Lee and Grumman were six hundred yards above them, and not far from the entrance to the ravine. Once they reached it, they could hold the soldiers off as long as their ammunition held out; but they had only one rifle.

«They're after me, Mr. Scoresby,» said Grumman, «not you. If you give me the rifle and surrender yourself, you'll survive. They're disciplined troops. You'll be a prisoner of war.»

Lee ignored that and said, «Git moving. Make the gulch and I'll hold them off from the mouth while you find your way out the other end. I brought you this far, and I ain't going to sit back and let 'em catch you now.»

The men below were moving up quickly, for they were fit and rested. Grumman nodded.

«I had no strength left to bring the fourth one down» was all he said, and they moved quickly into the shelter of the gulch.

«Just tell me before you go,» said Lee, «because I won't be easy till I know. What side I'm fighting for I cain't tell, and I don't greatly care. Just tell me this: What I'm a-going to do now, is that going to help that little girl Lyra, or harm her?»

«It's going to help her,» said Grumman.

«And your oath. You won't forget what you swore to me?»

«I won't forget.»

«Because, Dr. Grumman, or John Parry, or whatever name you take up in whatever world you end up in, you be aware of this: I love that little child like a daughter. If I'd had a child of my own, I couldn't love her more. And if you break that oath, whatever remains of me will pursue whatever remains of you, and you'll spend the rest of eternity wishing you never existed. That's how important that oath is.»

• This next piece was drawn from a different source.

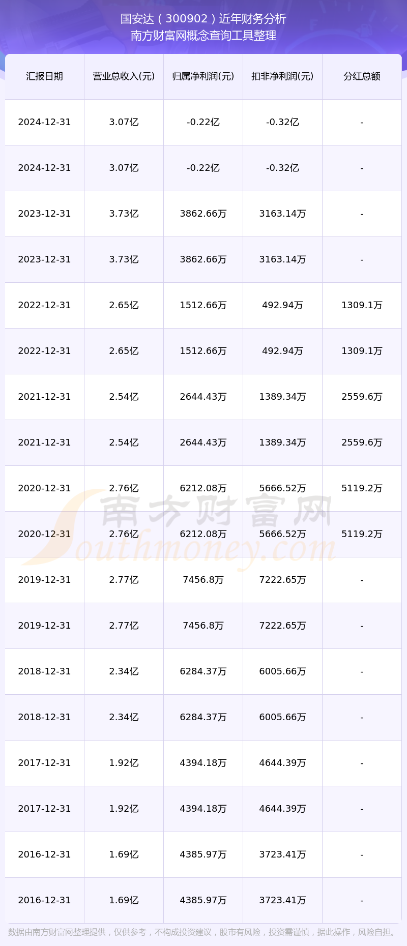 國安達2024年總營收3.07億,同比增長-17.58%;凈利潤-2219.14萬,同比增長-157.45%;銷售毛利率37.84%。

«I understand. And you have my word.»

«Then that's all I need to know. Go well.»

The shaman held out his hand, and Lee shook it. Then Grumman turned and made his way up the gulch, and Lee looked around for the best place to make his stand.

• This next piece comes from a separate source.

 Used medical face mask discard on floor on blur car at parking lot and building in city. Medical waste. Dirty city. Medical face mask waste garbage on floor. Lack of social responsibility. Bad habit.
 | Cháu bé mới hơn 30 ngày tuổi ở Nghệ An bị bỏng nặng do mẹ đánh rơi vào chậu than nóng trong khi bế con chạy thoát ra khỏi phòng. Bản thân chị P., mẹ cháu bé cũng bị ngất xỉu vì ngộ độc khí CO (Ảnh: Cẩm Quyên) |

«Not the big boulder, Lee,» said Hester. «You cain't see to the right from there, and they could rush us. Take the smaller one.»

There was a roaring in Lee's ears that had nothing to do with the conflagration in the forest below, or with the laboring drone of the zeppelin trying to rise again. It had to do with his childhood, and the Alamo. How often he and his companions had played that heroic battle, in the ruins of the old fort, taking turns to be Danes and French! His childhood was coming back to him, with a vengeance. He took out the Navajo ring of his mother's and laid it on the rock beside him. In the old Alamo games, Hester had often been a cougar or a wolf, and once or twice a rattlesnake, but mostly a mockingbird. Now —

«Quit daydreaming and take a sight,» she said. «This ain't play, Lee.»

The men climbing the slope had fanned out and were moving more slowly, because they saw the problem as well as he did. They knew they'd have to capture the gulch, and they knew that one man with a rifle could hold them off for a long time. Behind them, to Lee's surprise, the zeppelin was still laboring to rise. Maybe its buoyancy was going, or maybe the fuel was running low, but either way it hadn't taken off yet, and it gave him an idea.

He adjusted his position and sighted along the old Winchester until he had the port engine mounting plumb hi view, and fired. The crack raised the soldiers' heads as they climbed toward him, but a second later the engine suddenly roared and then just as suddenly seized and died. The zeppelin lurched over to one side. Lee could hear the other engine howling, but the airship was grounded now.

The soldiers had halted and taken cover as well as they could. Lee could count them, and he did: twenty-five. He had thirty bullets.

Hester crept up close to his left shoulder.

«I'll watch this way,» she said.

Crouched on the gray boulder, her ears flat along her back, she looked like a little stone herself, gray-brown and inconspicuous, except for her eyes. Hester was no beauty; she was about as plain and scrawny as a hare could be; but her eyes were marvelously colored, gold-hazel flecked with rays of deepest peat brown and forest green. And now those eyes were looking down at the last landscape they'd ever see: a barren slope of brutal tumbled rocks, and beyond it a forest on fire. Not a blade of grass, not a speck of green to rest on.